Additionally, Kathleen Freeman makes an uncredited appearance as Denise's neighbor who witnesses Sherman proposing to her. Freeman previously portrayed Millie Lemmon in the original 1963 film.

==Release==
===Home media===
Nutty Professor II: The Klumps was released on DVD and VHS on December 5, 2000. On May 22, 2001, an Uncensored Director's Cut version debuted on DVD.

==Reception==
===Box office===
Nutty Professor II: The Klumps grossed $42.5 million in its opening weekend, beating out What Lies Beneath and Thomas and the Magic Railroad to reach the number one spot. At the time, it had the third-highest opening weekend for a 2000 film, behind Mission: Impossible 2 and X-Men. This also made it the biggest opening weekend for an Imagine Entertainment film, beating Ransom. The film would hold this record four months until How the Grinch Stole Christmas replaced it that November. It set a career record for Eddie Murphy, breaking the three-day record formerly held by Dr. Dolittle. The film managed to secure the fourth-highest July opening weekend, after X-Men, Men in Black and Independence Day. For its second weekend, it fell into second place behind Hollow Man with $18 million.

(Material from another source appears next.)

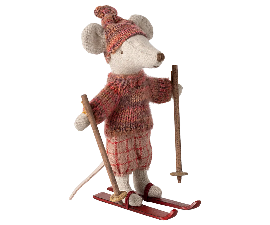 Winter mouse with ski set, Big sister - Rose Maileg

In the United Kingdom, Nutty Professor II: The Klumps made $2.3 million in its opening weekend, ranking number one ahead of Hollow Man and Billy Elliot. It dropped into fourth place behind Dinosaur, Road Trip and Billy Elliot during its second weekend with $1.3 million. The film went on to generate a total gross of over $123.3 million in the United States and an additional $43 million in other territories, for a worldwide total of $166.3 million worldwide.

===Critical response===
On Rotten Tomatoes, Nutty Professor II: The Klumps has an approval rating of 27% and an average rating of 4.5/10, based on reviews from 89 critics. The site's consensus states that "While Eddie Murphy is still hilarious as the entire Klump family, the movie falls apart because of uneven pacing, a poor script, and skits that rely on being gross rather than funny." On Metacritic, the film has a score of 38 out of 100, a score that indicates generally unfavorable reviews, based on reviews from 34 critics. Audiences surveyed by CinemaScore gave the film an average grade of "A−" on a scale of A+ to F.

Salon.com's reviewer gave the movie one of its few positive notices, and offered the praise "cheerfully vulgar."
The New Yorker's Anthony Lane was particularly severe; in addition to hating the film, he dismissed Murphy's playing of multiple characters as "minstrelling," and charged the actor with "at once feeding us what we like and despising us for swallowing it."

Wesley Morris of San Francisco Examiner stated that "it's a half-life better than Martin Lawrence treading similar, simpler water in Big Momma's House." Roger Ebert gave the film three stars, noting that while it was "raucous" and "scatological," the film overall proved to be "very funny" and "never less than amazing."
Variety's Joe Leydon wrote: "Be prepared to laugh less at a lot more of the same thing in this overbearing but underwhelming sequel."

In the UK, the BBC's Ceefax service gave the film a mixed review. Remarked the unnamed critic who reviewed the film for the teletext service:
This sequel is disappointing and inferior to the 1996 original, but it still provides exuberant fun. The effects are so seamless and Eddie Murphy's performances as the Klumps so distinct from one another, that you really do forget it's all one actor. Janet Jackson will never be a great actress, but she pulls off her role with natural skill, something Madonna lacks to an embarrassing degree. The film's weakness is in its failure to fully realise the potential of some of its own best jokes. A restaurant scene mostly misfires simply because a lot of the dialogue is incomprehensible and the characters all talk over each other. In the original, Buddy Love was funny and charismatic. Here, he's a loud irritant, so it's just as well that the film focuses on the other Klumps.